"MIRO" Charge on Your Statement: What It Means

MIROโ†’RealtimeBoard Inc. dba Miro
B2B SaaS / Whiteboardsubscription

Last updated:

Quick Answer

Likely Legitimate

MIRO is a charge from RealtimeBoard Inc. dba Miro. If you don't recognize this charge, review your recent purchases or contact the merchant directly.

RealtimeBoard Inc. dba Miro

B2B SaaS / Whiteboard

miro.com/
Refund Policy
Refund Window: Miro's self-serve terms say customers who give non-renewal notice at least 90 days before the current subscription term ends will not be charged for the next billing cycle, but Miro does not provide refunds or credits for amounts already charged.

What does MIRO mean on your bank statement?

If you see MIRO on your card or bank statement, the charge is usually a legitimate recurring software payment for Miro, the online whiteboard and collaboration platform operated by RealtimeBoard Inc. dba Miro. Teams use Miro for brainstorming, product planning, design workshops, journey mapping, diagramming, and project collaboration. Because the brand name is short, the statement descriptor can look vague when you are reviewing expenses later and no longer remember which department, freelancer, or team admin opened the account.

That confusion is common with business software. A finance lead may only see MIRO while the actual workspace is used by design, engineering, operations, product, or consulting teams.

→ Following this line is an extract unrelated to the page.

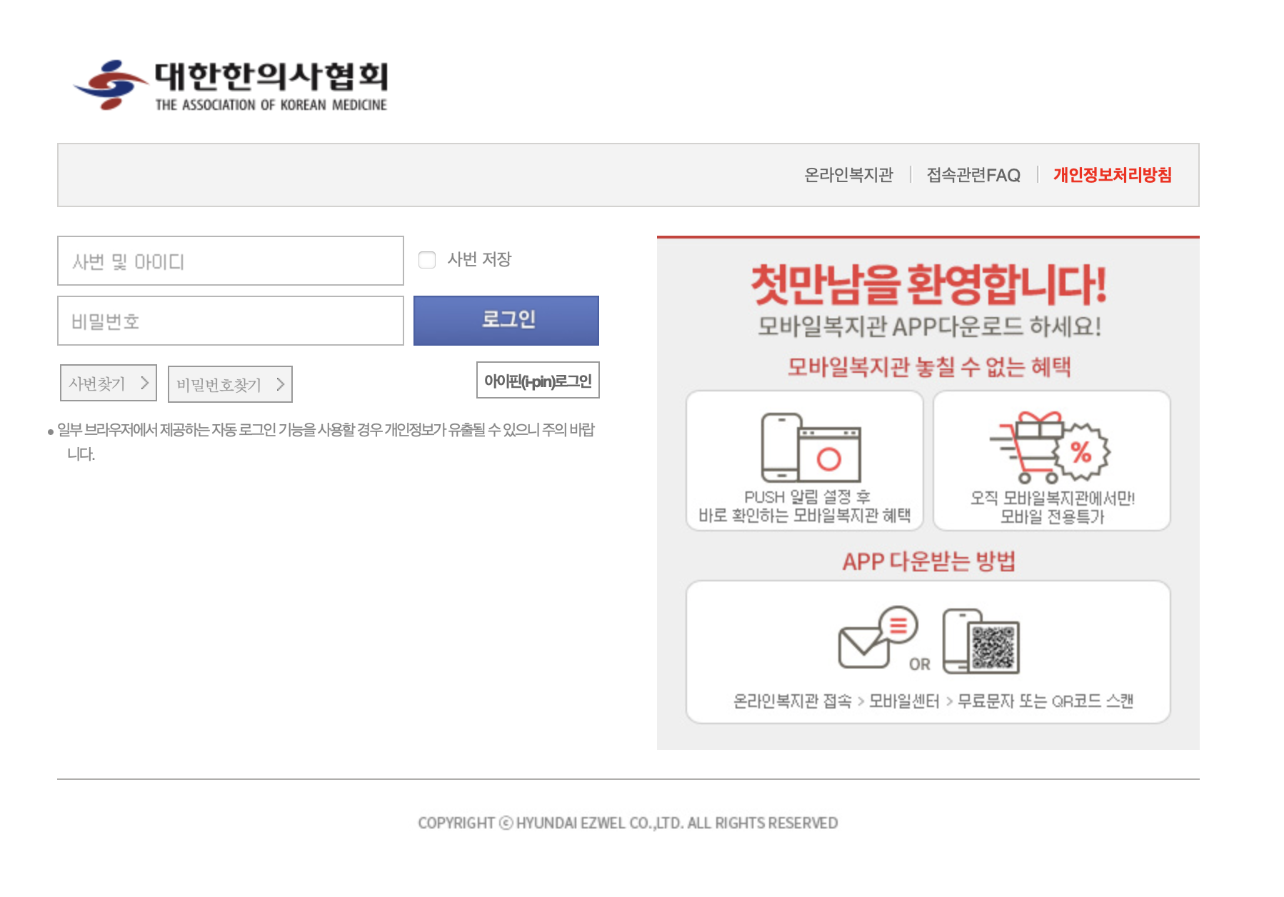 대한한의사협회 복지몰 회원가입 방식이 변경되어 안대드립니다. 복지몰 신규 회원가입을 원하시는 분은 하단의 대한 한의사협회 본회 담당자에게 연락하시어 본회 회원인증 및 복지몰 가입요청을 하시기 바랍니다.

In many companies, the cardholder is not the workspace owner, and the workspace owner is not the person who approves monthly statements. The result is a real subscription charge that feels unfamiliar until you check invoices, admin emails, or the active team's software stack.

Common legitimate reasons a MIRO charge appears

  • Active recurring subscription: a Miro Starter or Business subscription renewed on its normal cycle.
  • Per-seat billing: the team added members, which increased the total amount charged.
  • Annual billing: the subscription was charged at the annual price instead of a smaller monthly amount.
  • Shared company card: another admin, founder, or team lead opened the workspace using a central business card.
  • Trial conversion: a free or limited trial ended and the paid plan took over.
  • Duplicate workspace: a second team created a separate Miro workspace with its own billing.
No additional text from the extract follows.